## Goal of the exercise
Could you print the stretch of lines below from the one with "迪拜1000赛八强,四强会是?[L]鲁季奇🇭🇷 vs 斯维托丽娜🇺🇦高芙🇺🇸" through the one with "- Keksbrösel, Creme", exactly as they stand and without any pictures?

Top of Stored data

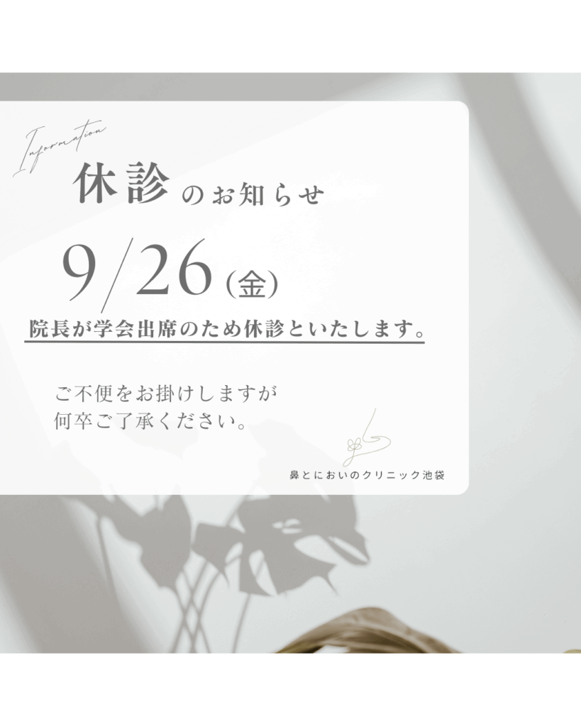 9月26日(金)は、院長が学会出席のため休診といたします。
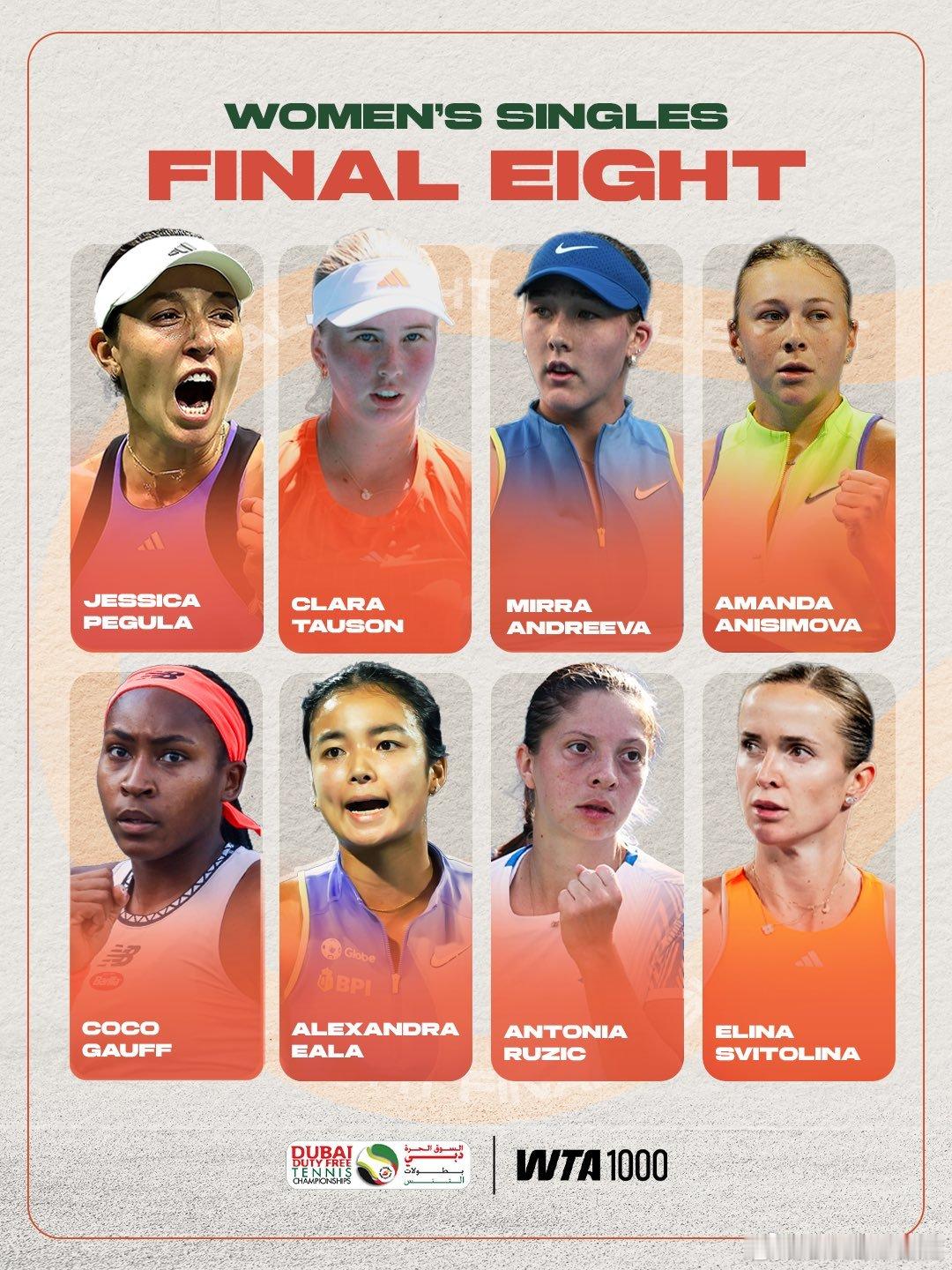 迪拜1000赛八强,四强会是?[L]鲁季奇🇭🇷 vs 斯维托丽娜🇺🇦高芙🇺🇸 vs 伊埃拉🇵🇭[12]陶森🇩🇰 vs 佩古拉🇺🇸安德列娃🇷🇺 vs 阿尼西莫娃🇺🇸这很澳网
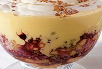 - Keksbrösel, Creme und Soße in mehreren Schichten in eine große Glasschüssel schichten. Trifle mit einer Cremeschicht beenden. Einige Keksbrösel und Rest Karamellsoße darauf verteilen.
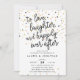 Festliche Einladungen für die Party "zu Liebe, Lachen und glücklich immer danach", auf einem Hintergrund von Rose Gold, Gold und schwarzen Konfetti. Personalisieren Sie Ihre Gesprächspartner Details in modernen schwarzen Schriften. Die Einladungen kehren zu massivem Schwarz zurück.

Bottom of Stored data

## Response box
 迪拜1000赛八强,四强会是?[L]鲁季奇🇭🇷 vs 斯维托丽娜🇺🇦高芙🇺🇸 vs 伊埃拉🇵🇭[12]陶森🇩🇰 vs 佩古拉🇺🇸安德列娃🇷🇺 vs 阿尼西莫娃🇺🇸这很澳网
 - Keksbrösel, Creme und Soße in mehreren Schichten in eine große Glasschüssel schichten. Trifle mit einer Cremeschicht beenden. Einige Keksbrösel und Rest Karamellsoße darauf verteilen.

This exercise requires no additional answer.